Asia Report: India Hopes to Ramp Up Installed Solar Capacity to 9 GW by 2017

India has released a draft version of phase two of its Jawaharlal Nehru National Solar Mission (JNNSM), which lays out ambitions to build 9 GW of grid-connected solar plants by 2017 – more than eight times its current capacity.

Plans include auctioning 1.65 GW of PV capacity by the central government in the next financial year, direct grants to cut project costs and loosening curbs on the purchase of equipment from overseas, according to the Ministry of New and Renewable Energy. According to the plans, solar thermal technology would provide 30 percent of the total and solar photovoltaic panels would account for the rest.
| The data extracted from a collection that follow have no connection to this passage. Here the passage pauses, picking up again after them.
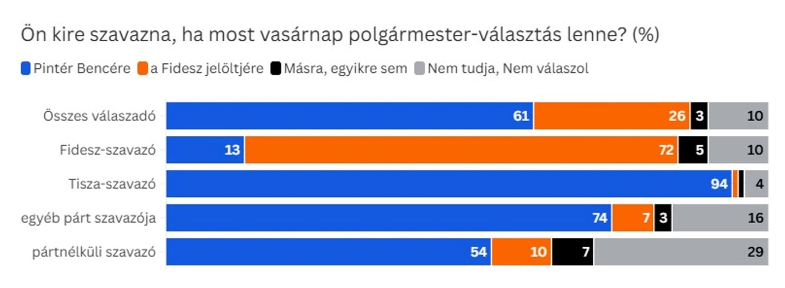 A bizonytalanok 54 százalékuk szavazna rá, szemben azzal a 10 százalékkal, aki a Fidesz jelöltjét favorizálná. Még a fideszes szavazók is némileg megosztottak a kérdésben: 72 százalékuk ugyan a saját oldal jelöltjére szavazna, ám 13 százalékuk inkább a jelenlegi polgármestert preferálta.
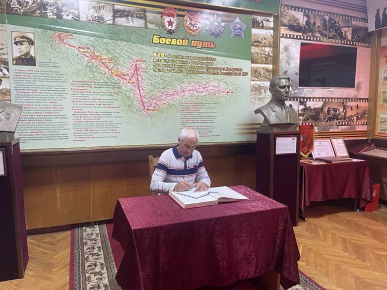 Михаил Михайлович, к слову, сам белорус, уроженец Ивацевичского района. Живет в России, но родную Беларусь посещает с радостью. Личному составу 120 омбр полковник в отставке Михаил Соломинек вручил свою книгу «Командирские решения» и оставил запись в книге почетных гостей соединения.
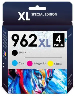 HP 962 XL Ink Cartridges Works with HP OfficeJet Pro 9010 9012 9014 9015 9016 9019 9020 9022 9025 9026 9028 Printers, 4 Pack 962xl (Black, Magenta, Cyan & Yellow)
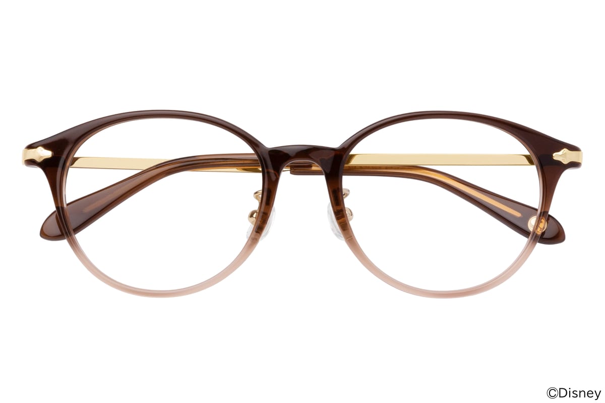 糸車のモチーフを立体的に表現したテンプル(つる)から、いばらが絡まるデザインに仕上げられています。

The news came after forecasts pegged installed wind capacity at 89 GW by 2020 and 191 GW by 2030, attracting $16.5 billion of annual investment.

The government plans to award direct grants for as much as 40 percent of the upfront cost of building projects, which analysts expect will substantially increase total investment in solar energy in India.

The Climate Policy Initiative and the Indian School of Business said in two studies that higher interest rates and the short-term lending available for renewable projects in India add as much as 32 percent to the cost of clean power compared with similar projects in the U.S. and Europe.

The government grants would be financed with revenue from the National Clean Energy Fund, which has been taxing coal producers 50 rupees (92 cents) per tonne since July 2010 and was expected to raise 25 billion rupees in its first year.

Phase two of JNNSM proposes removing domestic content requirements, a move which is likely to run a wrecking ball through domestic crystalline-silicon manufacturers. But it could also bring down the cost of PV installations in the country.

The move is expected to hamper the success enjoyed by First Solar, which profits from thin film modules being exempt from domestic content requirements.

The responsibility for building 60 percent of the targeted 9 GW will be shifted to individual states. Separately, the country’s southern state of Tamil Nadu said it plans to auction 1 GW of solar power capacity next month. Developers may submit bids for projects of 1 MW or more by January 4.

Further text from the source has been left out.